We as producers and industrialists think we have had enough of heavy charges upon industry during the last few years, and by adding to these burdens you are only going to create more unemployment than exists at the present moment. Another and a very important reason for this Clause is the absurdity attaching to the present system. The present system works very badly. I am connected with a concern in one town where machinery is rated and with another concern in another town in Lancashire where machinery is not rated. Both these mills make similar goods and try to sell those goods in the same market. In another case, there is a well-known firm the name of which is a household word throughout the world in connection with the manufacture of our celebrated Lancashire fabrics. Prior to 1914 that firm paid £890 per year in rates. At that time very few areas in Lancashire assessed machinery for rating. There were then I think only two, but the number has now grown to eight, and unless we pass this Clause all areas may adopt that system. The result of the reassessment made in 1921, in the case of that particular firm, was that they got a demand note not for £890 but for £6,400. That was the case of one particular mill which was then losing money. There was an appeal against it, and the assessment was reduced, but I submit that it shows the importance of this Clause to the industry.

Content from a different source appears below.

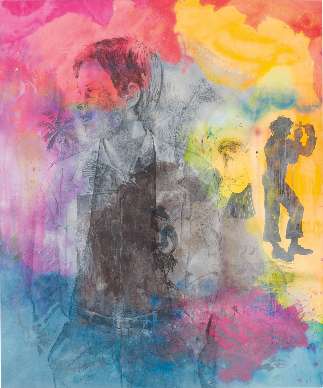 watercolour, acrylic, Indian ink, lacquer, pencil on canvas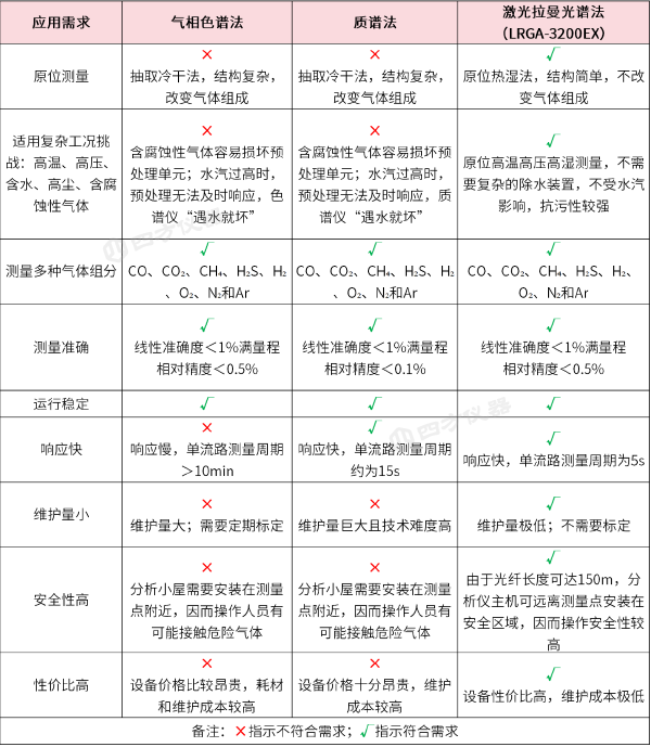 针对煤气化装置粗煤气在线检测的主要应用需求,气相色谱法、质谱法和激光拉曼光谱法(LRGA-3200EX)三种方案的技术对比(表1)显示:

Further, it is in the interests of the workpeople that this Clause should be carried. The workpeople can have no chance of improving their position so long as the industry in which they are engaged is losing money, but when that industry begins to make money they will then have a chance of sharing in its prosperity. These anomalies of rating are absurd and unfair, and the sooner they are done away with the better. With regard to the point which has been made as to the incentive to put in new machinery, I have had a little experience of machinery. We have machinery which has been running for 40 years or more and if we put in new machinery we could sell that machinery to some foreign country, and they would buy it as new when we had done with it. We have been losing money, but if any new invention comes up we shall be prepared to test it. I have got machinery from Germany which was supposed to be an improvement on our own, but I am glad to confess that it is not. My point is that we must be encouraged to try every means to get the industry on its feet again. We employ 400,000 people directly in the cotton trade, and every sixteenth of a penny in the cost of production means a difference. I would go further and say that even the second decimal of a penny means sometimes the difference between keeping things going and giving up. I speak not from a selfish standpoint at all, because that does not appeal to me, but I beg and pray that every business man in this House will seek not to hinder us by pressing any Amendment to this Clause but to help us to maintain that standard of goodness and cheapness which has made us famous, and that they will see that what applies in the main to every other trade in England applies equally to the Lancashire cotton trade.

Lieut.-Colonel GADIE

I desire to present to the House one point which has not yet been put in this Debate. I represent the Central Division of Bradford, and I think I can speak on behalf of that division and also on behalf of the North Division and the East Division of Bradford. We are not rated on machinery in that area, and yet we have had within the last fortnight evidence from witnesses whose honesty and integrity could not be questioned, that even in Bradford, in one particular case out of between 300 and 400 looms in commission, an average of only 98 were working. In the case of another firm, out of 148 looms in commission, only an average of 48 were working. I appeal to hon. Members opposite to listen to that side of the question. If we do not accept Clause 24, are we going to alter in any other way the anomalies which we have to-day? I have already said that Bradford at present has not rating of machinery. If we reject this Clause, are the Bradford assessment committee then to adopt that principle, and, if they do so, what will happen? I have already given a statement showing the sad conditions which prevail even at present when there is no rating of machinery.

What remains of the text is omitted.